We experience the Presidential Inauguration with millions of friends on Facebook. We read breaking news stories from citizen journalists on Twitter. We saw live as-it-happens video on YouTube hours before the stories reached our televisions and the standard reports by traditional news agencies were read.

More than any other year 2009 saw the rise of video as one of the most effective communication mediums in world history.

Virtually, every aspect of video is now included in business. From concept, scripting, storyboards, production, editing, encoding, storing, managing, distributing, syndicating, tracking, analyzing, etc… Content producers, media companies, small and medium-sized business all have the same opportunities to build their business and become online video publishers like any major corporation.

2009 also saw a shift in how we do business, from the personal to the virtual, in boardrooms, in our living rooms and especially,  from our mobile devices; which will soon do everything and anything we can imagine.

The stresses of the 2008 economy saw businesses cut their travel budgets, so it was no surprise that after more than 20 years videoconferencing found its resurgence as, “the next big thing” and video became the vehicle for our conversation.
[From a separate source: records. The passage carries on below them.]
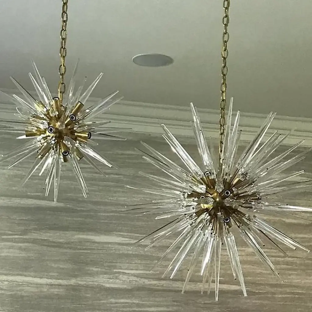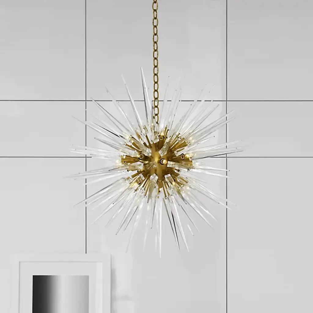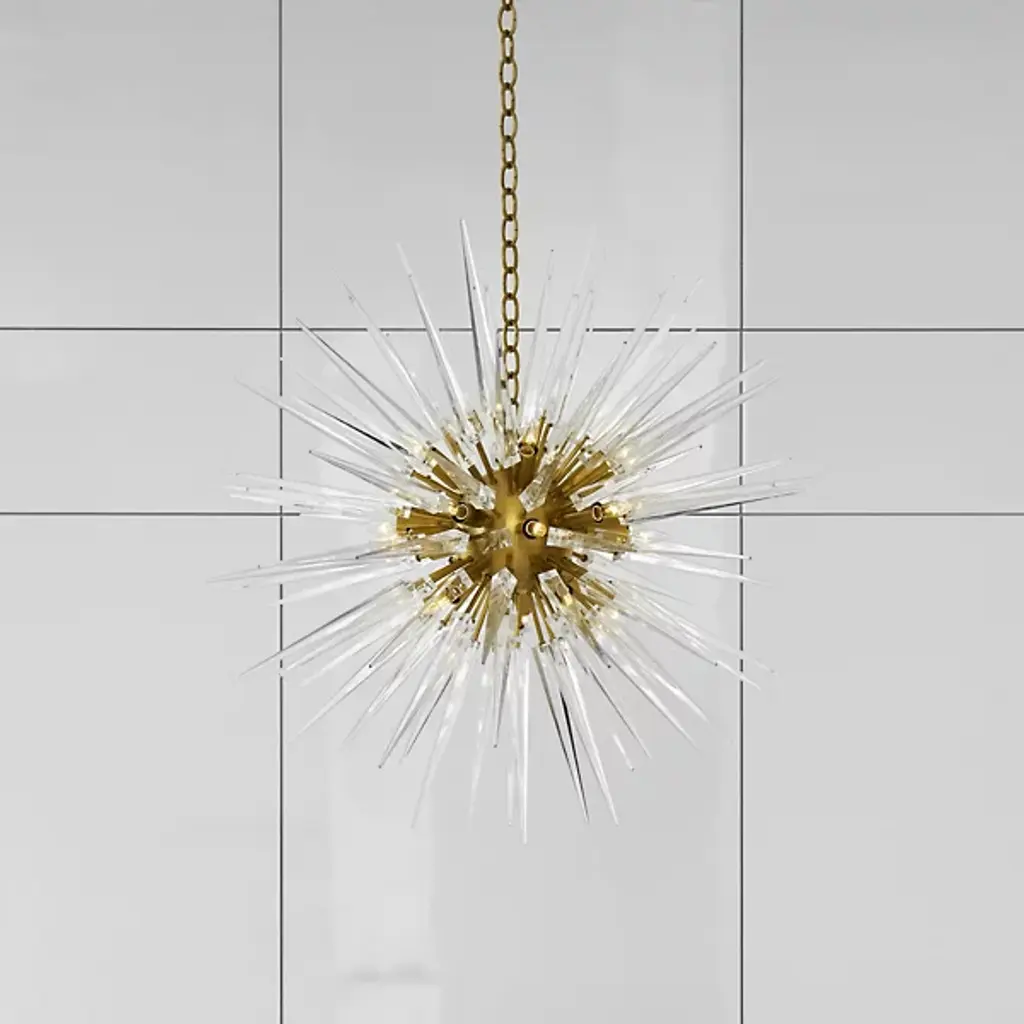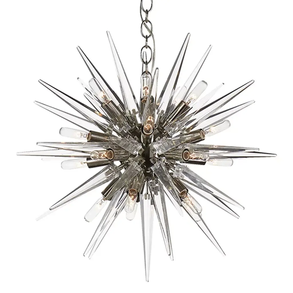 With its starburst design and metal shine, Visual Comfort Signature, formerly known as Visual Comfort,'s Quincy Sputnik Pendant is a new level of interstellar illumination. The Clear Acrylic shards create a reflective surface for the light to bounce off, creating a sparkling effect that's out of this world. Explore gorgeous new galaxies from the comfort of your own home with the Quincy Sputnik Pendant.
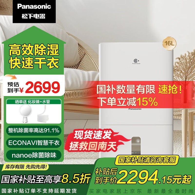 松下16升/天除湿机F-32C4YXC优惠价2242元
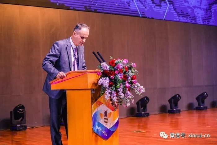 白俄羅斯駐華使館參贊Sergei VERGEICHIK作了題為《“一帶一路”國際蜂業合作的創新與發展》的演講。他表示,中國共產黨第十九次全國代表大會召開是中國人民的喜事,為中國加油!演講深挖中俄、中歐“絲路”淵源,展望國際蜂業創新與發展,倡議加強蜂業商貿往來。最后,還不忘推廣白俄羅斯的蜂蜜,引得場下掌聲雷動。

TelePresence became a household word. Powered by Cisco TelePresence Solutions nonstop marketing efforts, IP video chat, WebConferencing, collaboration and live video streaming moved to the forefront as many businesses and media companies looked for ways to connect people and their team members to broaden consumer markets and publishing.

In 2010 I predict the most important area for video marketing and publishing will be the value video brings to the rate of return, ROI. Analytics will be big! It is how we measure and track performance, but it’s not going to be just about numbers, it’s going to be about engagement and reach.

Since “views” is what ultimately drives revenue we will see the emergence and demand for a standardization metric in both the industry and in business. We will also see an increase in social media metrics focused on search, discovery and optimization.

It is no longer enough for companies to deploy video solutions, business will need to engage in the communities where their audiences are through a variety of social networks. Conversation tools like Facebook, Twitter, YouTube will help marketers extend their reach and promote their brands.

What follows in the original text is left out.